### [What is needed]
Find "Далее я ее называю" and "9月11日,北京字节跳动公益" in the records below. Copy the lines holding them and every line between, exactly, and no others.

### [Input material]
┄┄┄┄┄┄┄┄┄┄┄┄┄┄┄┄┄┄┄┄
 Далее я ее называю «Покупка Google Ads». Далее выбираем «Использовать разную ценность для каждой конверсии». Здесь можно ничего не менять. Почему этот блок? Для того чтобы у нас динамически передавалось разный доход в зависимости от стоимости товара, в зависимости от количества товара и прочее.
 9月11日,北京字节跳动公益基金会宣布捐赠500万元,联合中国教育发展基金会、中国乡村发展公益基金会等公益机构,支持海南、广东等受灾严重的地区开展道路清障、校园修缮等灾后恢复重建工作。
┄┄┄┄┄┄┄┄┄┄┄┄┄┄┄┄┄┄┄┄
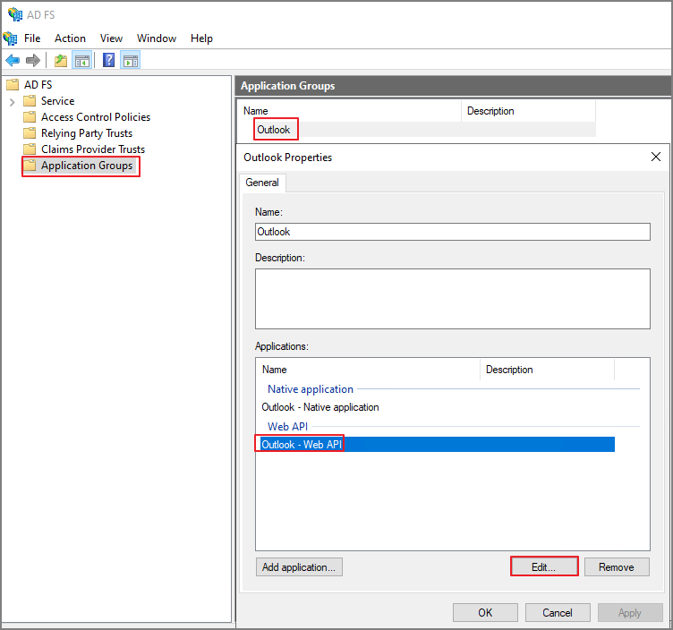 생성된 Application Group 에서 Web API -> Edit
┄┄┄┄┄┄┄┄┄┄┄┄┄┄┄┄┄┄┄┄
### [Task result]
 Далее я ее называю «Покупка Google Ads». Далее выбираем «Использовать разную ценность для каждой конверсии». Здесь можно ничего не менять. Почему этот блок? Для того чтобы у нас динамически передавалось разный доход в зависимости от стоимости товара, в зависимости от количества товара и прочее.
 9月11日,北京字节跳动公益基金会宣布捐赠500万元,联合中国教育发展基金会、中国乡村发展公益基金会等公益机构,支持海南、广东等受灾严重的地区开展道路清障、校园修缮等灾后恢复重建工作。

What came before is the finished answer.